** Task brief **
Below this sentence is a listing; return exactly its lines from the one with "Pink dumbbells, sport" to the one with "At Pleasant Hills", both kept, and nothing more.

** Data extract **
- Opening Delimiter -

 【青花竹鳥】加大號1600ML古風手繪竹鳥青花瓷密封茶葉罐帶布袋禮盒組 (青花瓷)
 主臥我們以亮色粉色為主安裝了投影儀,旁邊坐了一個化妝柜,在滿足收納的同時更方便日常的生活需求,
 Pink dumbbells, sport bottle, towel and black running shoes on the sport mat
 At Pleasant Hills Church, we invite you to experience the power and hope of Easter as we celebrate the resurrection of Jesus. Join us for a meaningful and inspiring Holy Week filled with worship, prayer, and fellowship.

- Closing Delimiter -
- Opening Delimiter -

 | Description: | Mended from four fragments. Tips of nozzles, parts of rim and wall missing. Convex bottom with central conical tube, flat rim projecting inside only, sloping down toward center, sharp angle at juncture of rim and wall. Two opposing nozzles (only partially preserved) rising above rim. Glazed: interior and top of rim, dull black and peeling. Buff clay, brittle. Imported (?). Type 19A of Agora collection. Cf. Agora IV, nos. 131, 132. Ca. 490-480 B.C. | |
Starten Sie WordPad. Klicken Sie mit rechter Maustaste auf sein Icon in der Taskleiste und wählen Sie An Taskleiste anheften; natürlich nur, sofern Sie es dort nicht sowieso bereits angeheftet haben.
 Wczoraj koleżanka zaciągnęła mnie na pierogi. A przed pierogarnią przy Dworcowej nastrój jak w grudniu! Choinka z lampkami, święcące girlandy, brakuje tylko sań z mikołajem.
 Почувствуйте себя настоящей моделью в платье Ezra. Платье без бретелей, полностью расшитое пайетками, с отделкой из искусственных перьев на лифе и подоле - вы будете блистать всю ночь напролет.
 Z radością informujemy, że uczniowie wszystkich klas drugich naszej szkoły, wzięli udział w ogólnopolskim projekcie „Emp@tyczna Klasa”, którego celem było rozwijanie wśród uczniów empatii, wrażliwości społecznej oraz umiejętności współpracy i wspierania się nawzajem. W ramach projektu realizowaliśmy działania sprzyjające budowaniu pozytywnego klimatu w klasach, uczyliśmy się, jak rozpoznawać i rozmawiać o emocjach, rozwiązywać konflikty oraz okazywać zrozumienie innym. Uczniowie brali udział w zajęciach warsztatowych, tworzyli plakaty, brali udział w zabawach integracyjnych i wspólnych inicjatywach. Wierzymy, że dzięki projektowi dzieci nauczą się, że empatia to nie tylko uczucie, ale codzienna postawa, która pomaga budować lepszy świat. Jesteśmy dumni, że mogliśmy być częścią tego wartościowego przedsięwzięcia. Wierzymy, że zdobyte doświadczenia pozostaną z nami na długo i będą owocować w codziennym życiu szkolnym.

- Closing Delimiter -

** Written response **
 Pink dumbbells, sport bottle, towel and black running shoes on the sport mat
 At Pleasant Hills Church, we invite you to experience the power and hope of Easter as we celebrate the resurrection of Jesus. Join us for a meaningful and inspiring Holy Week filled with worship, prayer, and fellowship.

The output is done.